For instance, say we've got three matrices, each representing the kinds of turns we want to do.

float theta = 10.0*(pi/180.0)

matrix<float> roll = [[ cos(theta), sin(theta), 0]
                       [ -sin(theta), cos(theta), 0]
                       [ 0, 0, 1]

matrix<float> pitch = [[ cos(theta), 0, sin(theta)]
                      [ 0, 1, 0]
                      [ -sin(theta), 0, cos(theta)]

matrix<float> yaw = [[1, 0, 0]
                     [0, cos(theta), sin(theta)]
                     [0, -sin(theta), cos(theta)]]

matrix<float> orientation = [[1, 0, 0]
                            [0, 1, 0]
                            [0, 0, 1]]

each which represent 10 degrees of rotation across each of the three flight attitude axes. Also we have a matrix for your ship's orientation, initially just strait forward. You will transform your ship's vertices by that orientation matrix to display it.

Then to get your orientation after a turn, you need to do just a bit of cleverness, first transform the attitude control matrices into the player's coordinates, and then apply that to the orientation to get a new orientation: something like

function do_roll(float amount):
    matrix<float> local_roll = amount * (roll * orientation)
    orientation = orientation * local_roll

function do_pitch(float amount):
    matrix<float> local_pitch = amount * (pitch * orientation)
    orientation = orientation * pitch_roll

function do_yaw(float amount):
    matrix<float> local_yaw = amount * (yaw * orientation)
    orientation = orientation * local_yaw

so that each time you want to rotate in one way or another, you just call one of those functions.

Answer 4

Quaternions may help, but a simpler solution may be to observe a strict order of rotations. It sounds like you're rotating around y, and then rotating around x. You must always rotate x first, then y, then z. Not that there's anything particularly special about that order, just that if you do it that way, rotations tend to work a little bit closer to how you expect them to work.

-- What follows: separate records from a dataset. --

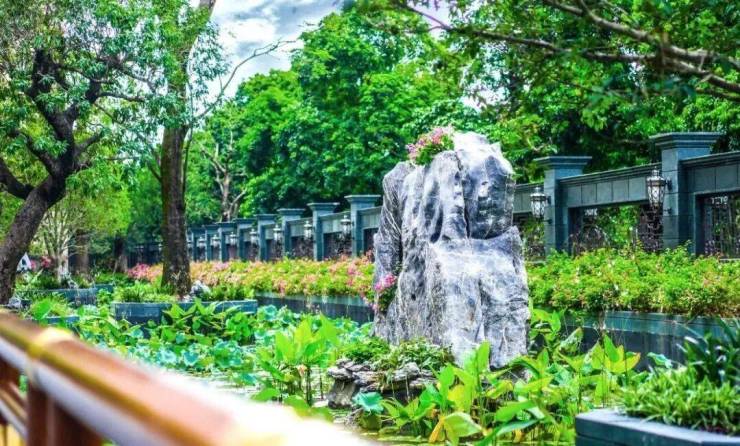 以水为核心,以约200多棵高大乔木、约29组富贵绿石及英石为主要景观,大量荷花等水生植物作为衬托,园林和建筑融合得美轮美奂
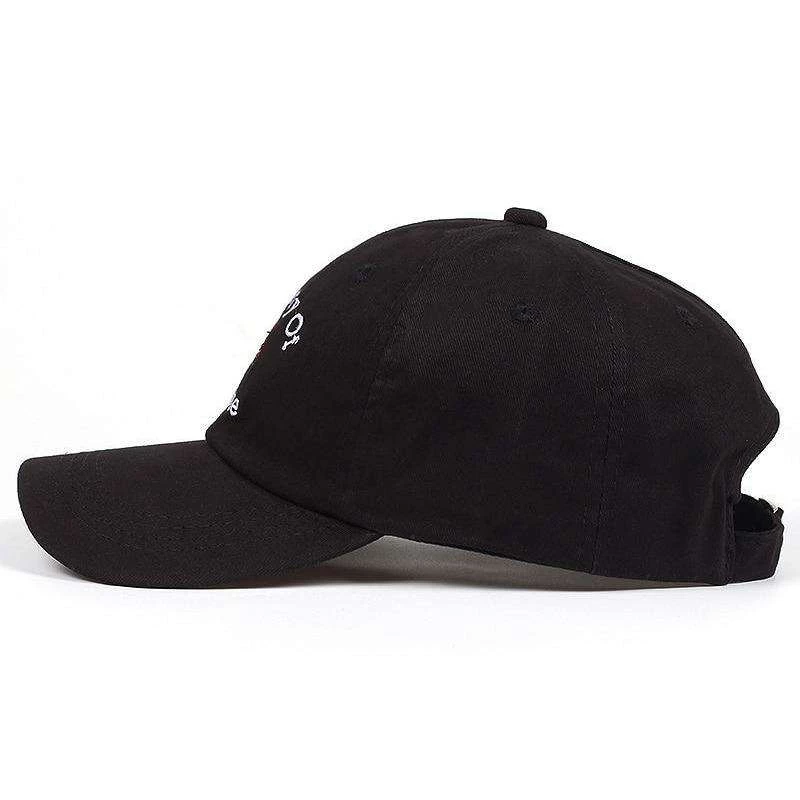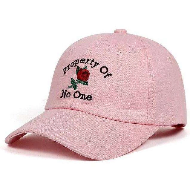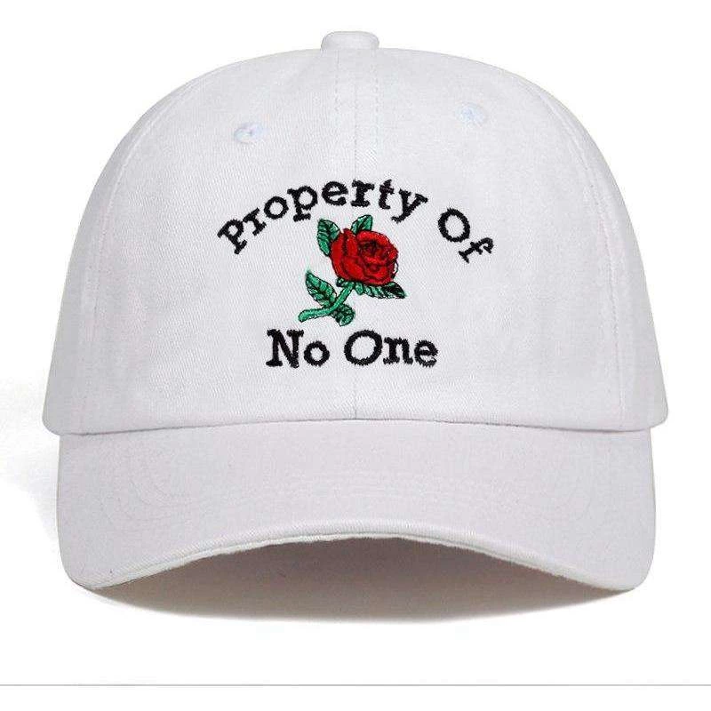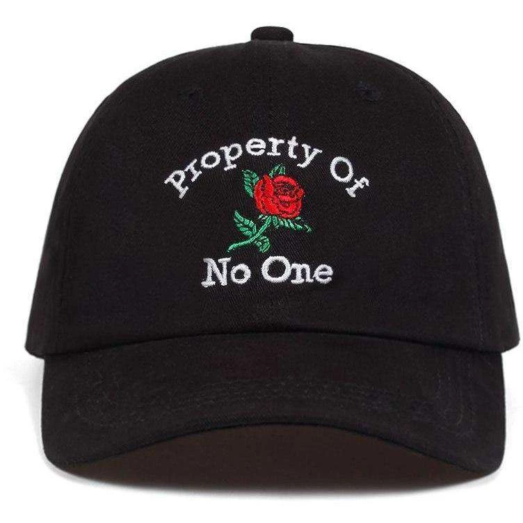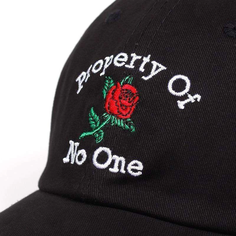 ‘PROPERTY OF NO ONE’ slogan and rose embroidered dad hat.
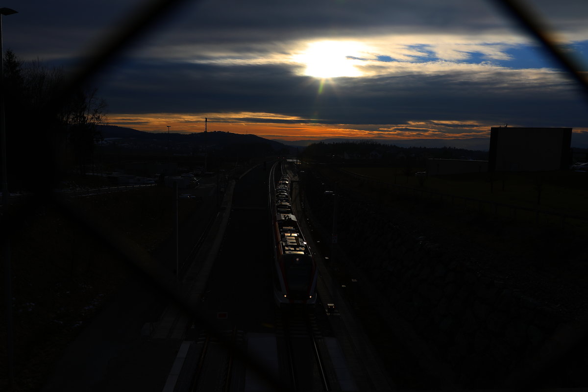 Mit den letzten Sonnenstrahlen verlässt dieses Pärchen GTW2/8 den Bahnhof Hengsberg und verschwindet unter meinen Füßen im Hengsbergtunnel. 22.01.2018
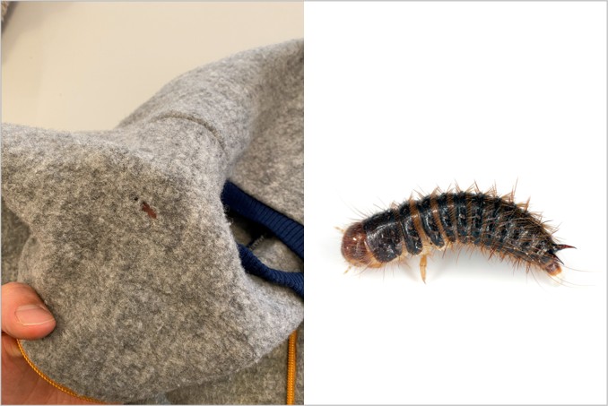 Neben der Kleidermotte kann auch der Pelzkäfer (Dermestes lardarius) Schäden anrichten. Seine Larven hinterlassen unregelmäßig geformte Löcher und bevorzugen ebenfalls organische Materialien wie Wolle, Felle oder Federn. Der Befall wird oft durch abgelegte, selten getragene Kleidung begünstigt – insbesondere, wenn sie Hautschuppen oder Haare enthält, die den Larven als zusätzliche Nahrungsquelle dienen.
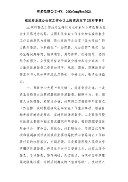 【七哥公文】2025年:在政府系统办公室工作会议上的交流发言(政府督察)+更多免费公文+VX:QiGeGongWen2024+更多免费公文+VX:QiGeGongWen2024
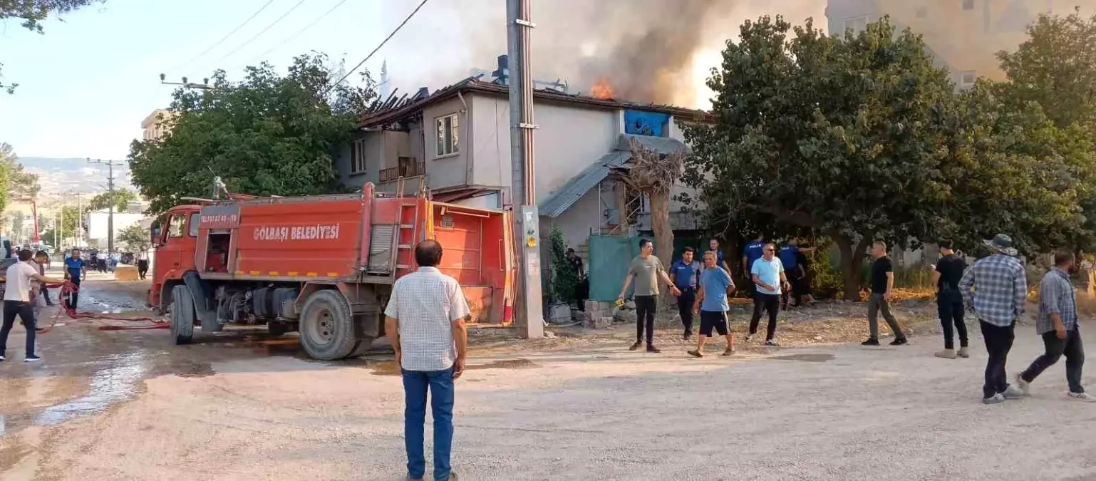 Adıyaman’ın Gölbaşı ilçesinde iki katlı bir meskende çıkan yangın paniğe neden oldu.

Edit: to clarify a little bit, you also shouldn't cumulatively rotate across time in the game. Each frame you should start your model out in identity position, and then rotate, x, y, then z, to that frame's new position.

Answer 5

General rotations are difficult. Physicist tend to use some set of so-called Euler angles to describe them. In this method a general rotation is described by three angles taken about three axis in fixed succession. But the three axis are not the X-, Y- and Z- axis of the original frame. They are often the Z-, Y- and Z- axis of the original frame (yes, it really is completely general), or two axis from the original frame followed by an axis in the intermediate frame. Many choices are available, and making sure that you are following the same convention all the way through can be a real hassle.

Answer 6

You should study 3D mathematics so that you can gain a deeper understanding of how to control rotations. If you don't know the theory it can be hard to even copy and paste correctly. Specifically texts such as 3D Math Primer(Amazon), and relevant sites like http://gamemath.com will greatly aid you in your project (and all future ones).

I understand you may not like math now, but learning the relevant arithmetic will be the best solution to your issue.